One of the primary functions of the GROW BIOINTENSIVE method is to allow small-scale farmers everywhere to build and maintain soil fertility levels that will allow the farmers to grow a large amount of food and compost materials in a very small area, with greatly reduced resource use, for an indefinite period of time, sustainably.

Soil testing and the application of the correct type and quantity of organic soil amendments at the correct time is a fundamental part of building and maintaining sustainable soil fertility levels. To introduce the topic of soil testing and the reasoning and methodology involved in soil test analysis and making soil amendment recommendations to a wider audience, John Beeby and Ecology Action are creating a series of topics on the subject called “Soil Science Spotlight”, which is posted to growbiointensive.org in the “Protocol” section with new posts added often.

Soil Science Spotlight - Grow Your Soil - If we understand a soil we can improve it


In parts 1-6 of this segment, I introduced Dr. John Doran's USDA Soil Quality Test Kit Guide
(bit.ly/DoranSoilTest), and discussed tests for infiltration, physical observations, aggregate stability, earthworms, soil respiration and pH, electrical conductivity, and bulk density.
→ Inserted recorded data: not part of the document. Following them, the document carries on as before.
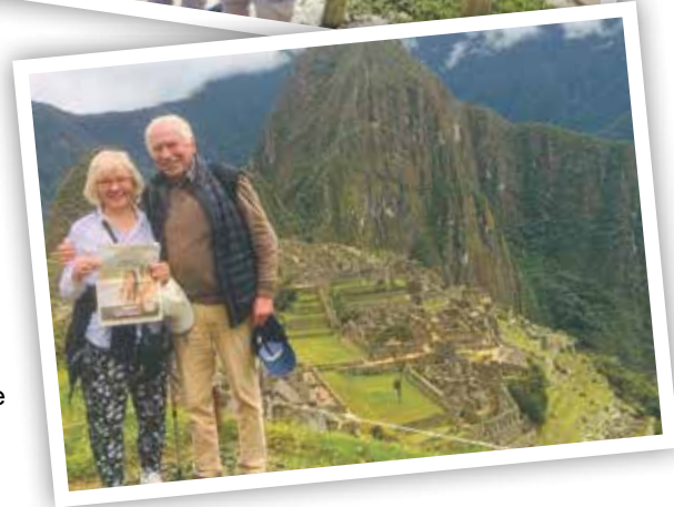
Die Eheleute Freisens aus Bad Laasphe besuchten Peru.
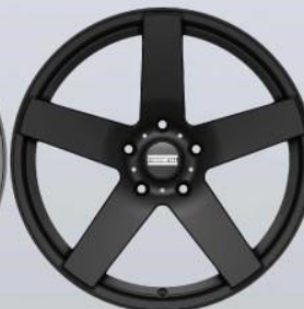
STC-02 black matt / glossy
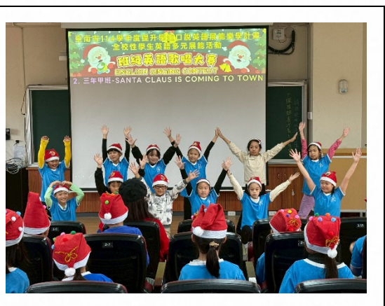
說明：學生展現學習成果。
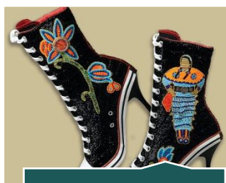
Glass Beads Dawn Dumont
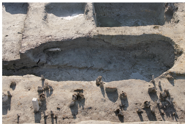
4 第 288 号土坑
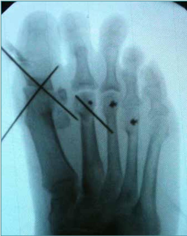
Figura 4. Radioscopia intraoperatoria con la fijación temporal con aguja de Kirschner.

Figure 4. Intraoperative fluoroscopy with the temporary fixation with Kirschner wire.
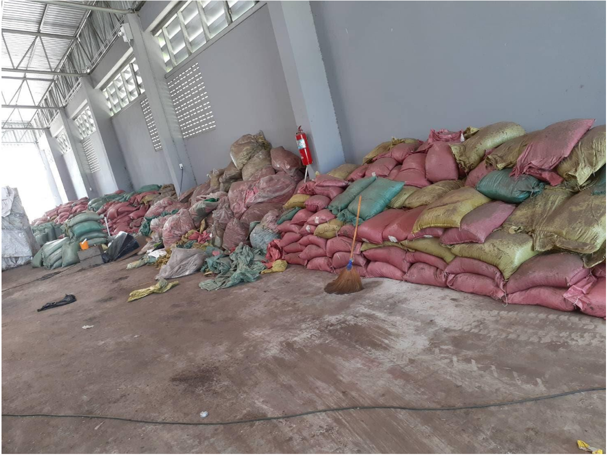
ปุ๋ยที่ผ่านการผลิตแล้วบรรจุในกระสอบเพื่อรอจำหน่าย
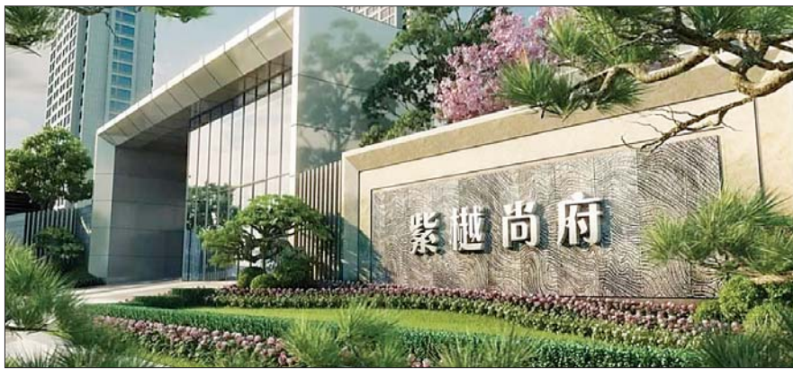
置业顾问承诺的交房时间一再拖延。

2021年买房时置业顾问承诺2022年底交房,到了去年底又说今年3月肯定交付,3月过了又推到4月底最晚5月初……日前,青岛崂山区紫樾尚府业主反映,由青岛北泰置地开发的紫樾尚府承诺的交房日期一拖再拖。因为该区域属于热点片区学区房,入学需要提前一年落户,业主们质疑:卖房时承诺的今年落户明年上学能实现吗?
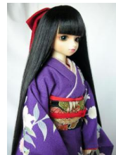
加賀友禅裾引き振袖と帯のセッ ト 百合SDサイズs-0010

In this issue, I want to talk about the last of the Guide's tests: water quality.

Water – The First Fertilizer

image of a water molecule with partial positive charge on the two hydrogen atoms and a partial negative charge on the oxygen atomThere is no natural water on the planet that is “pure” H2O because water is so interactive with its environment. The
H2O molecule is partially positively and partially negatively charged, and so attracts and is attracted to both negatively and positively charged elements in its environment, which makes it an excellent dissolver of and carrier for those elements. Consider that water in an aquifer has likely interacted for millions of years with the minerals and rocks surrounding it. Similarly, water from a well or spring interacts with the minerals in the walls of the well or the earth, slowly dissolving those nutrients and carrying them within the water. Even a raindrop falling through the sky interacts with the gases it encounters on its way to the ground. For example, carbon dioxide in the atmosphere will enter a raindrop, interact with the individual H2O molecules there, and be converted to carbonic acid (H2CO3) which causes the raindrop to be slightly acidic and to contain elements other than just hydrogen and oxygen.
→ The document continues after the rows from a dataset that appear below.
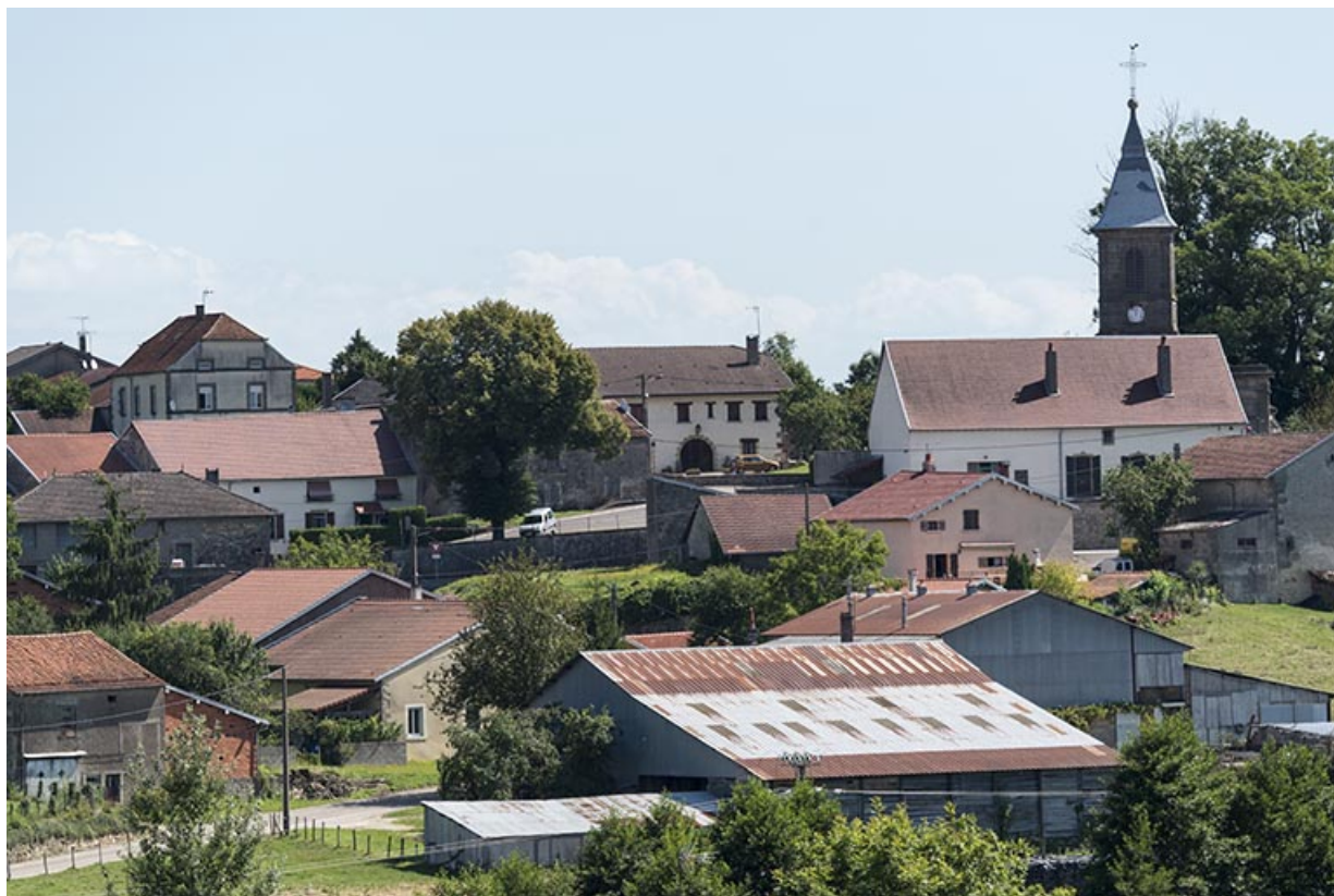
Vue d'ensemble du centre du village depuis l'ouest.
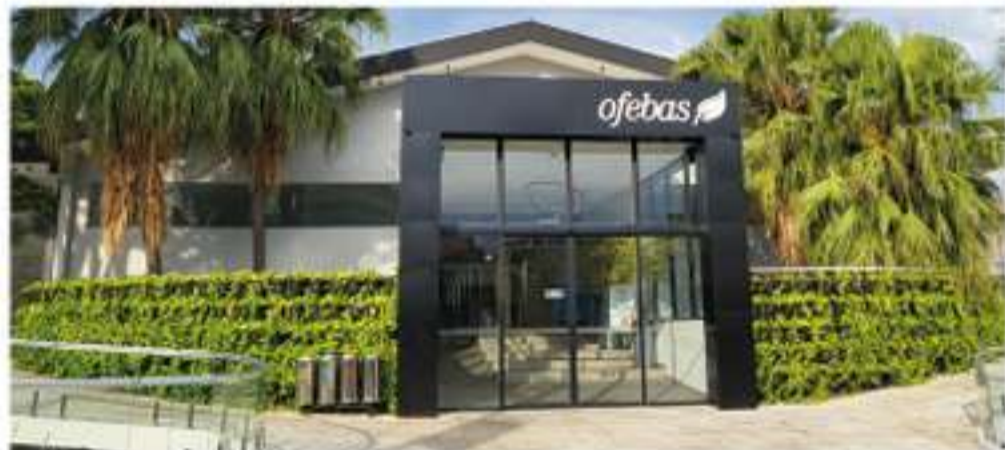
Fachada Ofebas, Unidade Sorocaba

O investimento social da Organização Funerária das Entidades Beneficentes e Assistenciais de Sorocaba (OFEBAS), nos municípios de Sorocaba e Votorantim, cresceu em mais de 30% entre os anos de 2020 e 2022. Por ser sem fins lucrativos, toda renda gerada é investida em ações sociais e na própria estrutura da funerária para o acolhimento de famílias enlutadas e/ou em algum tipo de vulnerabilidade.
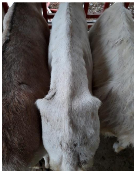
Fotografía 7. Condición corporal de algunas cabras

La granja Don Martín presentaba un gran número de cabras con condición corporal baja como se muestra en la fotografía 7, esto se debe a los factores anteriormente mencionados que generan problemas de salud en los animales, haciendo que la productividad no sea la adecuada.
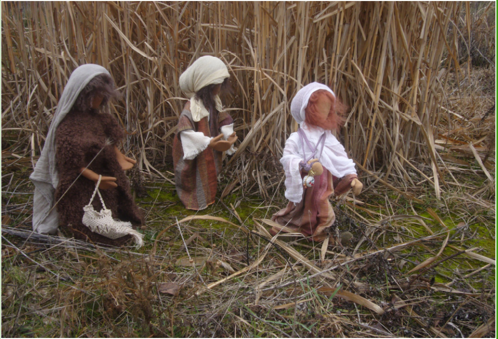
3 Frauen auf dem Weg zum Grab... (siehe „An(ge)dacht“ auf S. 2)
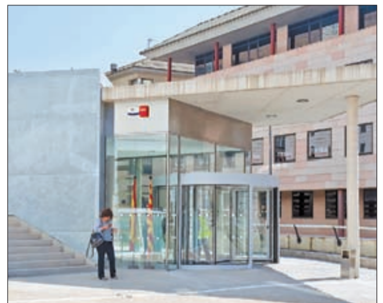
Va succeir a la Seu i les parts van arribar a un pacte

Els fets van passar el 26 d'agost de 2016, quan els Mossos d'Esquadra van inspeccionar el 'frankfurt'. En l'interior del local, la policia catalana va intervenir cocaïna, telèfons, 675 euros fraccionats, dos ganivets amb restes de la citada droga i una bascula de precisió. Davant de tot això, els agents van detenir l'home que va ser jutjat
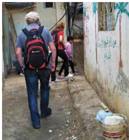
Ambassadører anno 2013: Besøk i Shattila camp i Beirut.

Siden at fylkene denne gangen vil foreslå to kandidater, vil noen av dem som allerede er ambassadører i dag forsette, mens andre ikke blir med. Det er opp til fylkene å vurdere hva som er best for fylket: Kontinuitet eller helt nye for å spre engasjementet mest mulig i organisasjonen. Fylkene har frist til 15. januar med å komme med forslag. Det blir ambassadørsamling 17. februar.
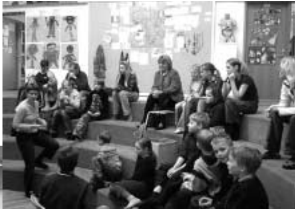
Umboðsmaður með ráðgjöfum sínum í Þykkvabæ.

nokkrum dögum síðar, en þeir voru Fellaskóli, Mýrarhúsaskóli, Smáraskóli og Varmárskóli. Í heimsóknnum mínum ræddi ég við ráðgjafana og hlustaði eftir skoðunum þeirra, sem þeir voru viljugir að gefa upp.
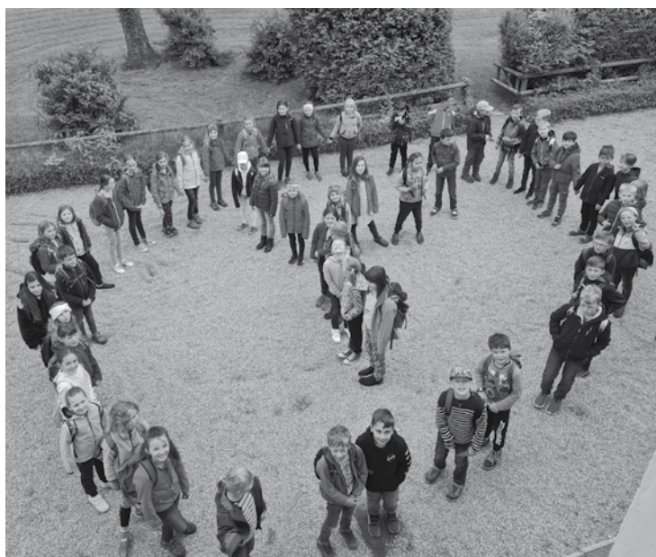
Das Foto zeigt die Erstkommunionkinder vor der Abfahrt nach Oberreith.

Die Albachinger Kinder feierten ihre Erstkommunion am 15. Mai. Wieder in der Kirche und mit feierlicher musikalischer Gestaltung war es jeweils ein wunderschönes Erlebnis für die Kinder.
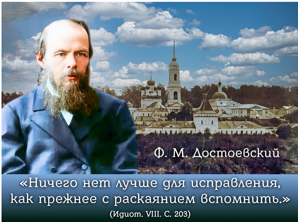
Ф. М. Достоевский

This is more than an interesting bit of trivia: it’s one of the fundamental reasons life on our planet exists! The leading theory on the origin of life is that billions of years ago, deep sea ocean water interacting with hydrothermal vents over millions of years created organic molecules, the building blocks of life. Land at the time was just cooling rock and not conducive to life taking hold; there was no soil yet. However, there was water and there were gases in the atmosphere, so when it rained, the rain drops interacted with those gases, became more than just H2O, and became acidic. When those rain drops landed on the cooled rock over many millions of years, the rock slowly started to dissolve through a process called hydrolysis, a type of chemical weathering caused when acids release nutrients from rock. These raindrops were the first fertilizers—they added elements from the atmosphere, and released elements from the rock. These freed elements could then be utilized by the first simple forms of land life, like bacteria, and eventually lichens which create their own organic acids to further dissolve rocks and which, through the process of living and dying, created organic matter. Organic matter decomposed by bacteria and fungi created more acids, dissolved more rocks, and over many, many iterations, slowly started to create the soil that makes advanced biological life possible on our planet—first topsoil, then subsoil.

Irrigation becomes necessary when your growing season does not provide adequate rainfall to meet the water requirements of your crop. According to the UN-FAO (2021), roughly 22% of the world’s agricultural land is irrigated, although these percentages vary widely by country, from 52% of cropland in China to 4% in Africa. Most of us water our gardens as a matter of course, so it may not be something that you consider as an “amendment” as you would with compost or nutrients. However, if a soil requires irrigation to raise crops, it’s important to understand that the soil receives not only water (H2O) but also all of the minerals that the irrigation water contains, essentially "fertilizing” that soil with those minerals over time. Those minerals may be beneficial if they help alleviate specific nutrient deficiencies in that soil, or if they help to slowly bring the soil’s pH within the optimal range of 6 to 7. Or, those minerals may be detrimental if they compound an existing mineral toxicity in a soil or further push the soil’s pH beyond that optimal range.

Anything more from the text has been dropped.